Verify that the emitted IRs are identical to the snapshots by specifying `check-snapshots` target when invoking `make`:
```shell
$ make check-snapshots
```

`shecc` comes with unit tests. To run the tests, give `check` as an argument:
```shell
$ make check
```

Reference output:
```
...
int main(int argc, int argv) { exit(sizeof(char)); } => 1
int main(int argc, int argv) { int a; a = 0; switch (3) { case 0: return 2; case 3: a = 10; break; case 1: return 0; } exit(a); } => 10
int main(int argc, int argv) { int a; a = 0; switch (3) { case 0: return 2; default: a = 10; break; } exit(a); } => 10
OK
```

To clean up the generated compiler files, execute the command `make clean`.
For resetting architecture configurations, use the command `make distclean`.
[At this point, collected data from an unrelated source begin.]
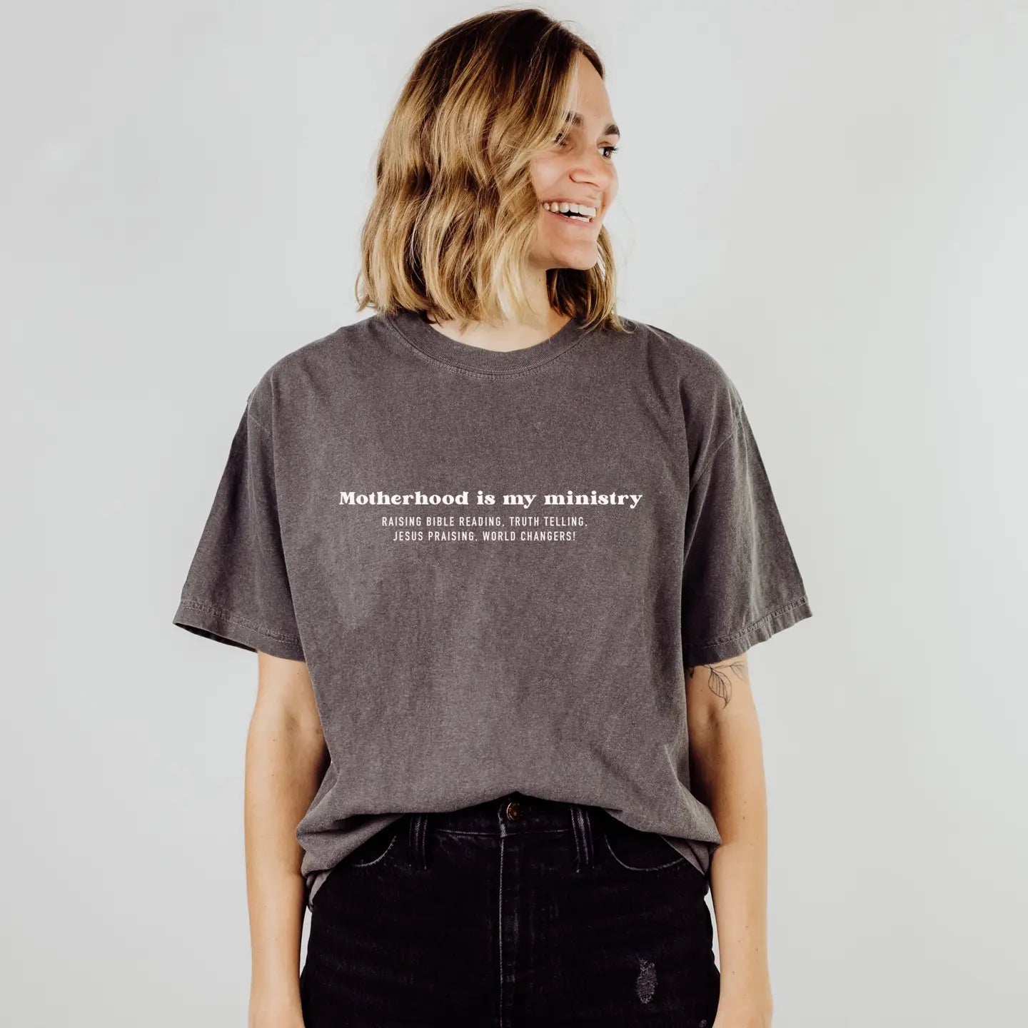 Embrace the sacred journey of motherhood with our faith-based tee: "Motherhood is My Ministry."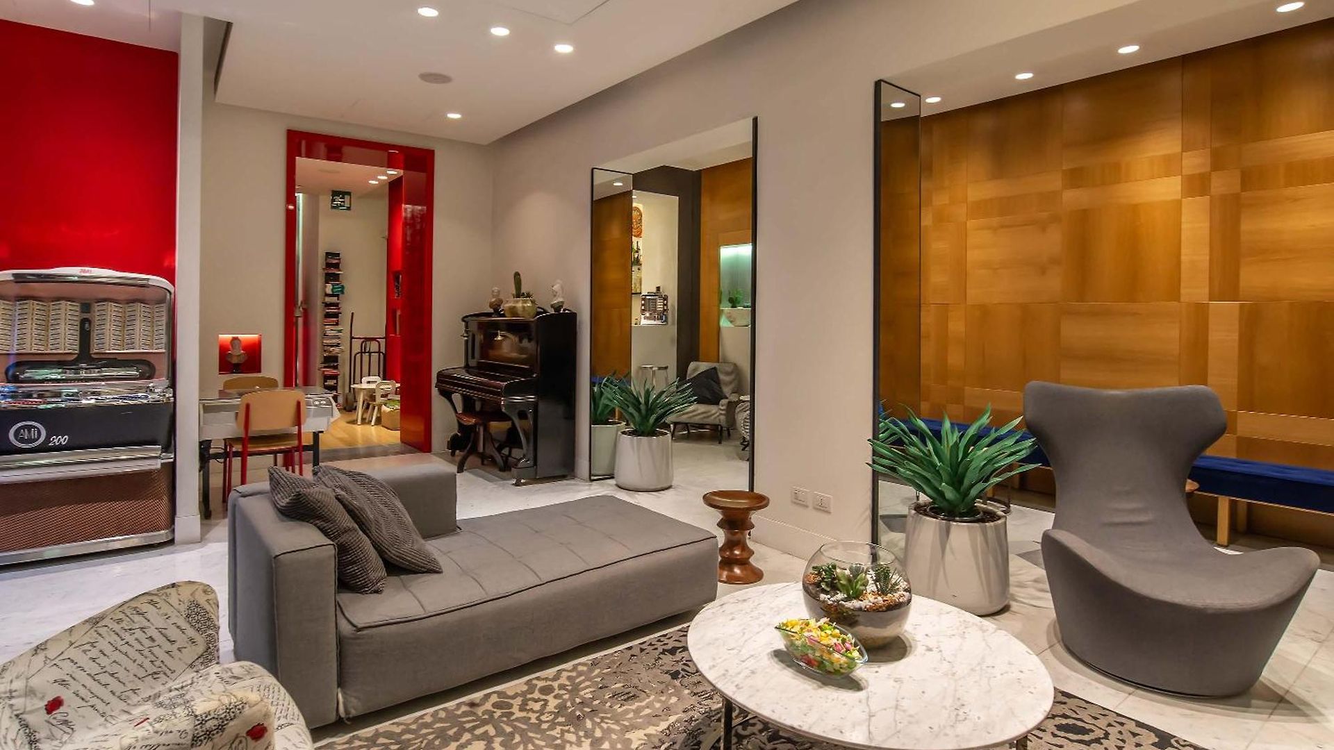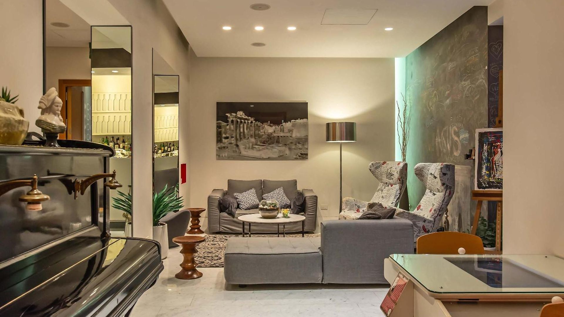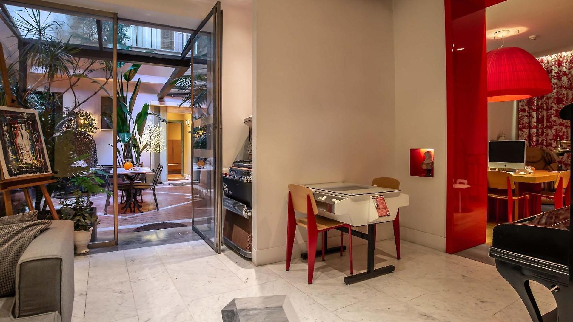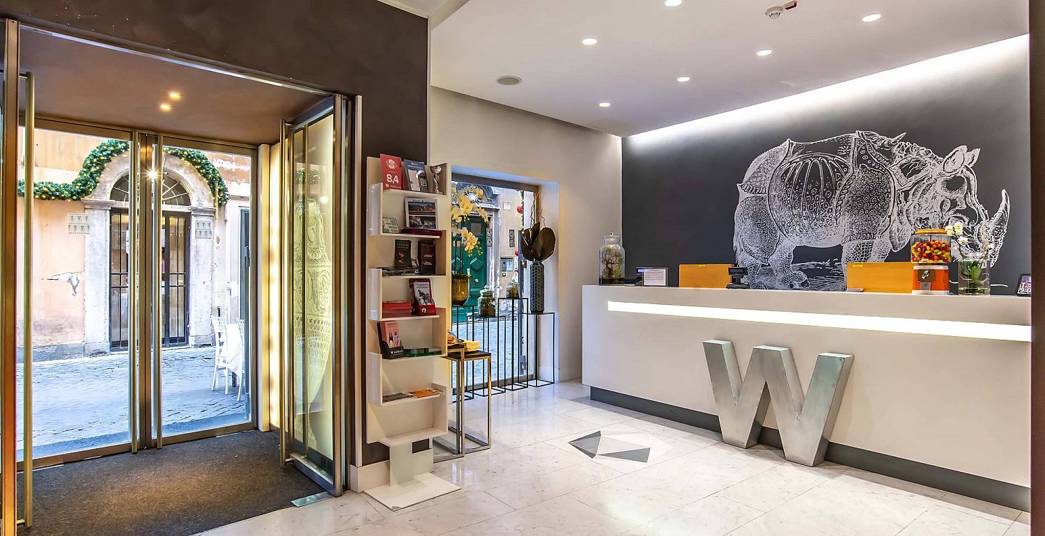 The beautifully renovated 19th Century building stands in a typically Roman street characteristic of the ancient historical centre and provides 44 luxurious rooms all equipped to provide guests with the utmost in conveniences and comfort. This historic façade contradicts the eclectic and modern lines within – from chalkboard walls to gumball machines and old fashioned jukeboxes.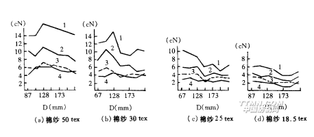 當導紗距離不同時,紗線退繞平均張力也發生變化。實踐表明,存在著最小張力的導紗距離。大于或小于此值,都會使平均張力增加,這是因為導紗距離越長則退解氣圈的紗線質量越大,退解時氣圈離心慣性力也越大。導紗距離小時,則紗線在退解時易與筒子摩擦,又使張力有所增加。生產中一般采用的導紗距離為140~250mm,對于滌棉紗,為了減少紗條扭結,以采用偏短的導紗距離為宜。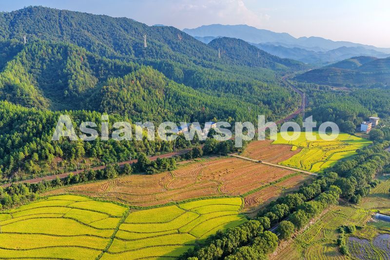 图片说明:10月27日,江西省吉安市吉水县醪桥镇,高标准农田里稻谷金黄,与山丘、民居相映成景,构成一幅丰收时节的和美乡村画卷。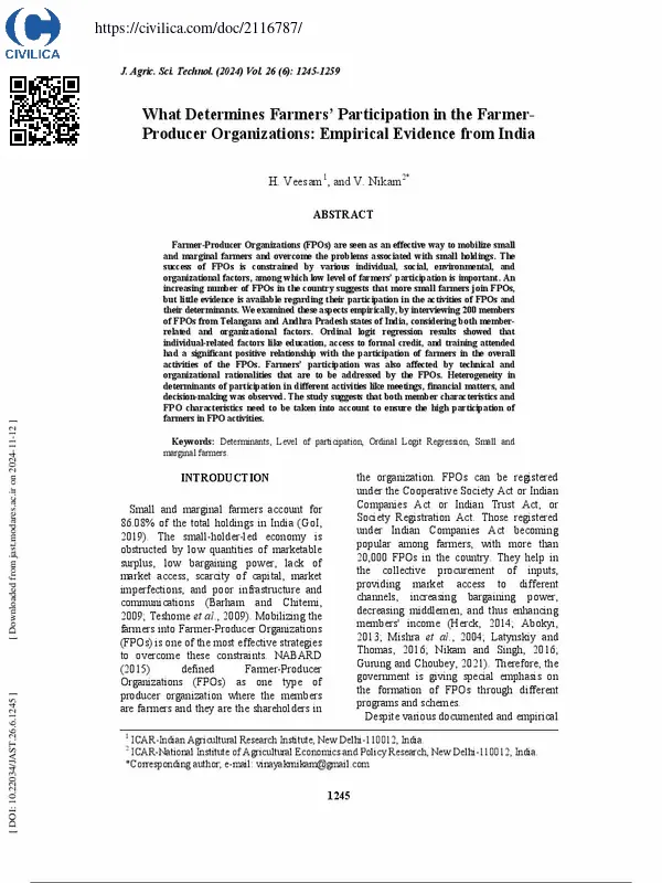 Farmer Producer Organizations (FPOs) are seen as an effective way to mobilize small and marginal farmers and overcome the problems associated with small holdings. The success of FPOs is constrained by various individual, social, environmental, and organizational factors, among which low level of farmers’ participation is important. An increasing number of FPOs in the country suggests that more small farmers join FPOs, but little evidence is available regarding their participation in the activities of FPOs and their determinants. We examined these aspects empirically, by interviewing ۲۰۰ members of FPOs from Telangana and Andhra Pradesh states of India, considering both member-related and organizational factors. Ordinal logit regression results showed that individual-related factors like education, access to formal credit, and training attended had a significant positive relationship with the participation of farmers in the overall activities of the FPOs. Farmers’ participation was also affected by technical and organizational rationalities that are to be addressed by the FPOs. Heterogeneity in determinants of participation in different activities like meetings, financial matters, and decision-making was observed. The study suggests that both member characteristics and FPO characteristics need to be taken into account to ensure the high participation of farmers in FPO activities.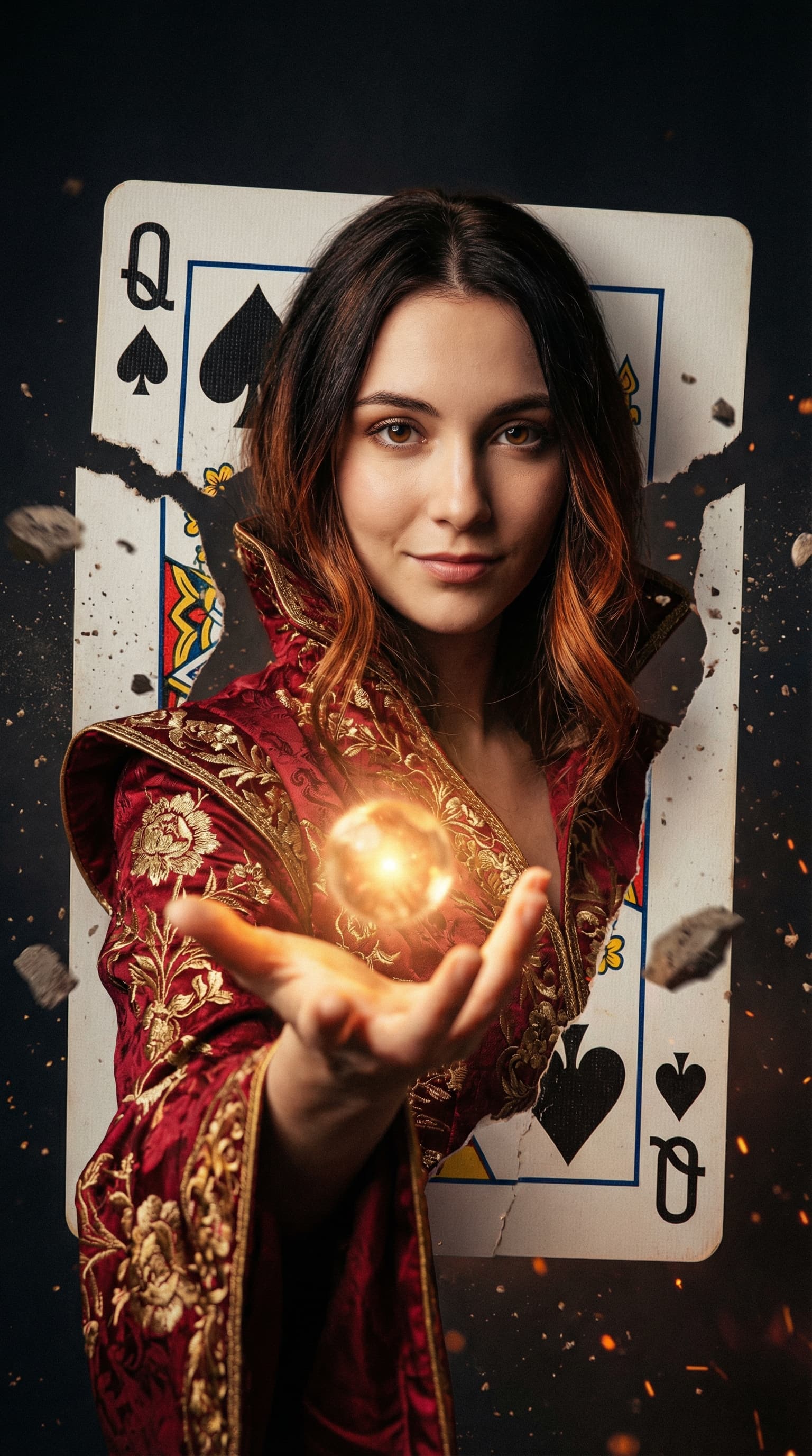 A woman in an ornate red gown holds a glowing orb in her outstretched hand, framed by the jagged edges of a Queen of ...

## Intermediate Representation

Once the option `--dump-ir` is passed to `shecc`, the intermediate representation (IR)
will be generated. Take the file `tests/fib.c` for example. It consists of a recursive
Fibonacci sequence function.
```c
int fib(int n)
{
if (n == 0)
return 0;
else if (n == 1)
return 1;
return fib(n - 1) + fib(n - 2);
}
```

Execute the following to generate IR:
```shell
$ out/shecc --dump-ir -o fib tests/fib.c
```

Line-by-line explanation between C source and IR:
```c
C Source IR Explanation
------------------+---------------------------------------+----------------------------------------------------------------------------------

int fib(int n) def int @fib(int %n) Indicate a function definition
{ {
if (n == 0) const %.t1001, $0 Load constant 0 into a temporary variable ".t1001"
%.t1002 = eq %n, %.t1001 Test "n" equals ".t1001" or not, and write the result in temporary variable ".t1002"
br %.t1002, .label.1177, .label.1178 If ".t1002" equals zero, goto false label ".label.1178", otherwise,
goto true label ".label.1177"
.label.1177
return 0; const %.t1003, $0 Load constant 0 into a temporary variable ".t1003"
ret %.t1003 Return ".t1003"
j .label.1184 Jump to endif label ".label.1184"
.label.1178
else if (n == 1) const %.t1004, $1 Load constant 1 into a temporary variable ".t1004"
%.t1005 = eq %n, %.t1004 Test "n" equals ".t1004" or not, and write the result in temporary variable ".t1005"
br %.t1005, .label.1183, .label.1184 If ".t1005" equals zero, goto false label ".label.1184". Otherwise,
goto true label ".label.1183"
.label.1183
return 1; const %.t1006, $1 Load constant 1 into a temporary variable ".t1006"
ret %.t1006 Return ".t1006"
.label.1184
return
fib(n - 1) const %.t1007, $1 Load constant 1 into a temporary variable ".t1007"
%.t1008 = sub %n, %.t1007 Subtract ".t1007" from "n", and store the result in temporary variable ".t1008"
push %.t1008 Prepare parameter for function call
call @fib, 1 Call function "fib" with one parameter
+ retval %.t1009 Store return value in temporary variable ".t1009"
fib(n - 2); const %.t1010, $2 Load constant 2 into a temporary variable ".t1010"
%.t1011 = sub %n, %.t1010 Subtract ".t1010" from "n", and store the result in temporary variable ".t1011"
push %.t1011 Prepare parameter for function call
call @fib, 1 Call function "fib" with one parameter
retval %.t1012 Store return value in temporary variable ".t1012"
%.t1013 = add %.t1009, %.t1012 Add ".t1009" and ".t1012", and store the result in temporary variable ".t1013"
ret %.t1013 Return ".t1013"
} }
```

## Known Issues

1. The generated ELF lacks of .bss and .rodata section
2. The support of varying number of function arguments is incomplete. No `` can be used.
Alternatively, check the implementation `printf` in source `lib/c.c` for `var_arg`.
3. The C front-end is a bit dirty because there is no effective AST.

## License

`shecc` is freely redistributable under the BSD 2 clause license.
Use of this source code is governed by a BSD-style license that can be found in the `LICENSE` file.